Prompt » Could you copy word for word only the lines between the one containing "Kapolsek Tasikmadu Hadiri" and the end of the listing below, both included, and leave out the pictures?

Collected data »

* * * * * * * * *

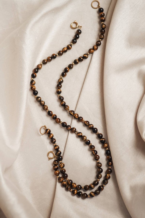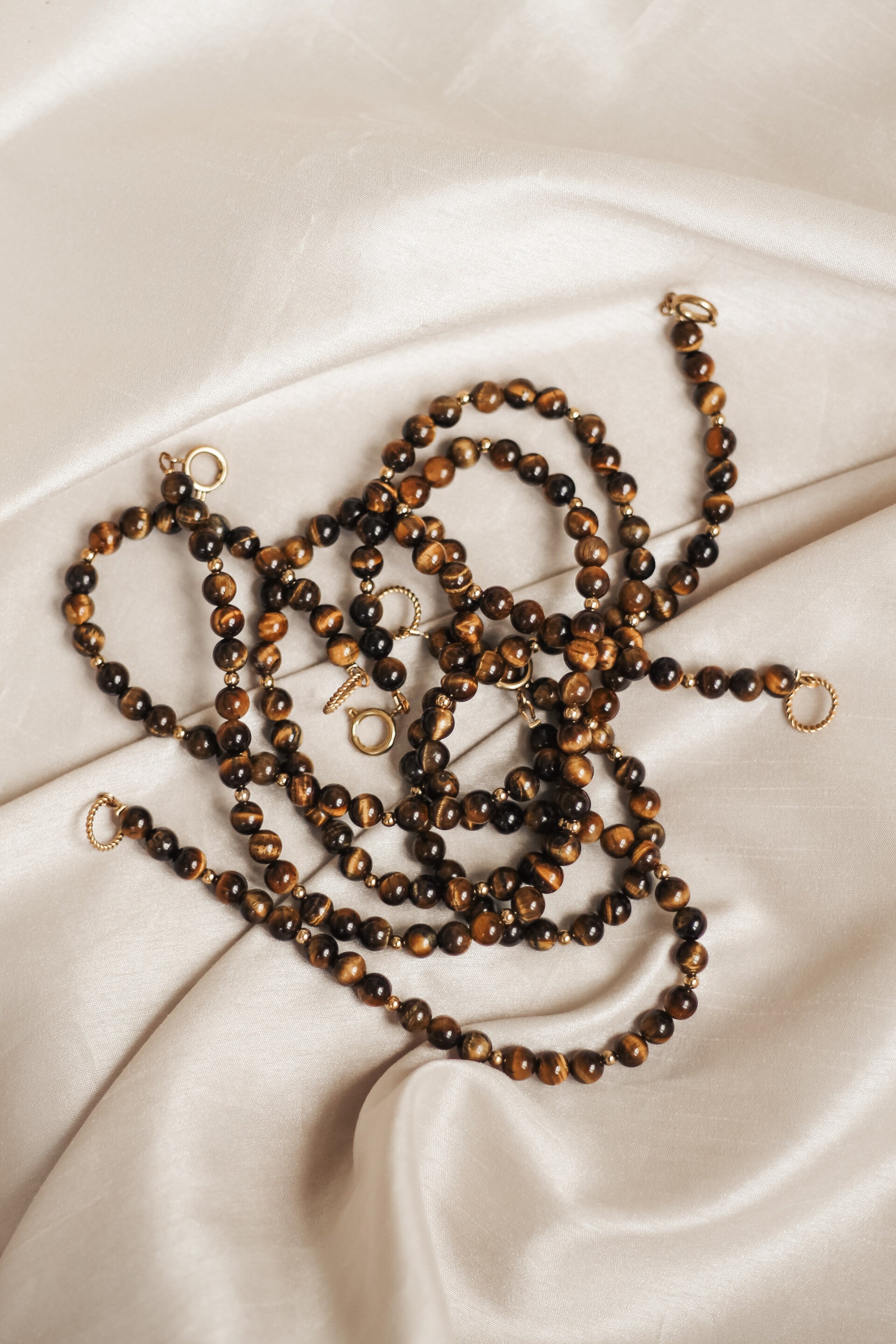 Deze handgemaakte ketting, gemaakt met tijgeroogkralen, straalt natuurlijke warmte en kracht uit. De kralen van tijgeroog tonen hun kenmerkende goudbruine glans en geven een tijdloze, aardse uitstraling, met tussen de edelstenen subtiele RVS kralen.
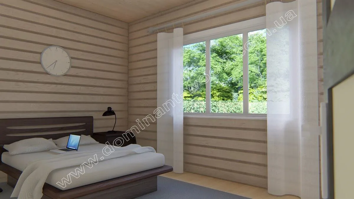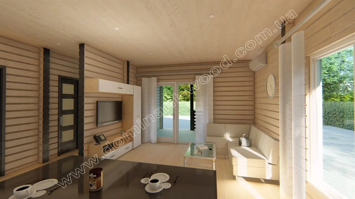 «Мадж» - справжня класика серед дачних будиночків. Недарма, ми включили цей проект в добірку: «10 міні-будиночків «Домінант», в яких хочеться жити!». Тут усе зосереджено на комфорті у форматі «виїхати на природу, пожити трохи в тиші». Величезна тераса створює комфортабельну зону для відпочинку в просторі будинку на свіжому повітрі, а кухня-студія з відкритим плануванням - зручне місце для готування, посиденьок і прийому гостей. Простора спальня з великим вікном створює відчуття постійної присутності на природі. Санвузол достатньо великий для сезонного проживання. Такий будинок ідеально підійде для пари або невеликої сім’ї на вихідні, відпустку чи літо. Але для повноцінного цілорічного проживання знадобиться адаптація: утеплення, зонування, або збільшення площі для зберігання речей чи додаткової кімнати.
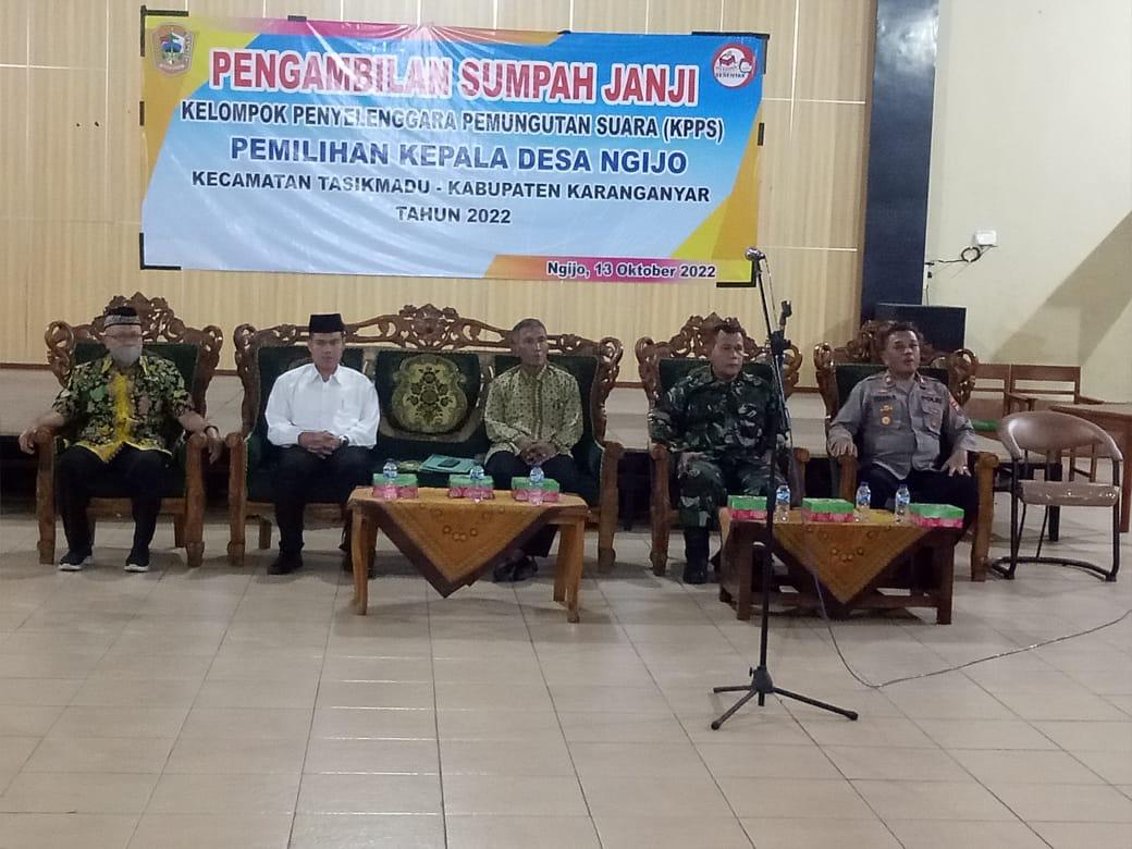 Kapolsek Tasikmadu Hadiri Kegiatan Pengambilan Sumpah KPPS Pilakdes Desa Ngijo
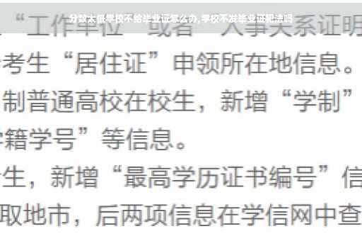 学校不发毕业证怎么办办法:向学校反映或者对学校进行举报,并与学校沟通,了解学校扣留毕业证的原因,如果学校仍扣留毕业证,可以向当地教育部门投诉,无法解决的,可以向法院起诉学校。如果你的学业成绩是合格的,没有触犯学校不给发毕业证的规定,那么可以向教育局进行投诉。

* * * * * * * * *

Result of the exercise »
 Kapolsek Tasikmadu Hadiri Kegiatan Pengambilan Sumpah KPPS Pilakdes Desa Ngijo
 学校不发毕业证怎么办办法:向学校反映或者对学校进行举报,并与学校沟通,了解学校扣留毕业证的原因,如果学校仍扣留毕业证,可以向当地教育部门投诉,无法解决的,可以向法院起诉学校。如果你的学业成绩是合格的,没有触犯学校不给发毕业证的规定,那么可以向教育局进行投诉。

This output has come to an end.